Bill Bryant is no stranger to caring for cows or land. He’s a fifth-generation farmer rooted in Wayne County, Pennsylvania, for more than 125 years. “Dairy farming is just in my blood,” Bryant says. He is a graduate of Cornell University with a master’s degree in agricultural and farm finance. While at Cornell, working with Dr. Howard E. Conklin, a national leader in the field of land economics, Bryant became interested in farmland preservation. With his wife, Debra, whom he met at Cornell, Bryant returned to Pennsylvania where he wanted to be part of the state’s decision-making process about land use. Bryant joined the Wayne County preservation board and more than 30 years later, he’s still serving.
This year, as Bill and Debra Bryant celebrate their golden anniversary, Bill continues to work the farm. “I do a fair amount of milking and bookkeeping. The corn is my thing,” Bryant says. The farm grows 35 acres of corn which is used as feed for the farm’s herd.
“I know what the cows are eating and that the cows are being well-cared for,” Montgomery says. “Every aspect of making cheese has been successful because of my family and our team of employees.”
Michael J. Bryant Memorial Foundation
Michael J. Bryant was a co-owner of Calkins Creamery with his siblings. He passed away in 2007, ironically in the same year Montgomery sold her first cheese notes Bomgardner. A year later, The Michael J. Bryant Memorial Fund was established in memory of the Calkins Creamery co-owner. “Mike had several challenges in his life,” Bomgardner says of her brother. “It gave him a special sensitivity to people who had such needs.” The family decided that funding grant awards to individually challenged Wayne County residents and helping local nonprofit community organizations was the best way to honor Michael. “For instance, our fund sent a woman with Down Syndrome to Disney because she always wanted to go to Disney and couldn’t afford a plane ticket.” This year, the grants awarded included helping the local 4-H club bring on sign language interpreters for two members; aiding the local high school in building a transition classroom to teach independent living skills; and, providing an elementary school with materials to build a “Sensory Pathway” to encourage student movements. The foundation is primarily funded by the families’ Annual Herd The Curd Race, held in September.
Herd The Curd Race
Each Labor Day weekend at Highland Farms, around 300 participants, runners and walkers, gather for the family’s Annual Herd The Curd 5K and 10K. “We say it’s the cheesiest race in Pennsylvania, if not the country” Carrie Bomgardner says. The race is the biggest fundraiser for the Michael J. Bryant Memorial Foundation. Herd The Curd has raised $135,000 since the race began in 2013.

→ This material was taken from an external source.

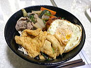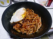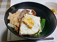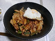 | 13時19分、昼食は肉炒め丼・目玉焼き乗せです。茹でキャベツ&オクラ、大根の唐辛子漬けが付け合わせ。ご馳走様でした。 |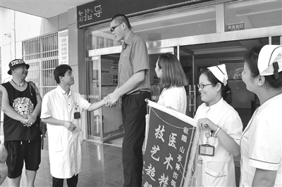晚报讯 (记者 孔浩 摄影报道)8月7日上午,一位身材高大的“巨人”,拿着一面内容为“医术精湛,技艺超群”的锦旗,走进了山亭骨伤医院,立马便吸引了众人的眼球。原来,这位“巨人”就是我市走出去的公益明星张欢,这次他是在经纪人王冬冰的陪同下,专程来到骨伤医院,向治好了他的腿伤的大夫表达感激之情的。

“We always tell people the race is cross-country style. It’s one of the most scenic and beautiful courses, but it’s not the easiest one,” Bomgardner says. The upcoming 11th Annual Herd The Curd race is Saturday, September 2. “Dad is usually finishing up milking when the race is getting started.” And as long as there’s interest, Bomgardner says, they’ll keep doing the race. “My dad would tell you, it’s like a community ‘Welcome Home’ event. People come through and get to see the cows and the barn cats and then get some good dairy products including chocolate milk and cheese curds at the end of the race, so it’s been a win-win.”
The tenth anniversary Herd The Curd race generated $21,000 for the Michael J. Bryant Memorial Fund.
Emily’s son Rylan Montgomery (left) presents the overall 2022 5K Herd The Curd winner, Joe Murray, with his wheel of cheese award.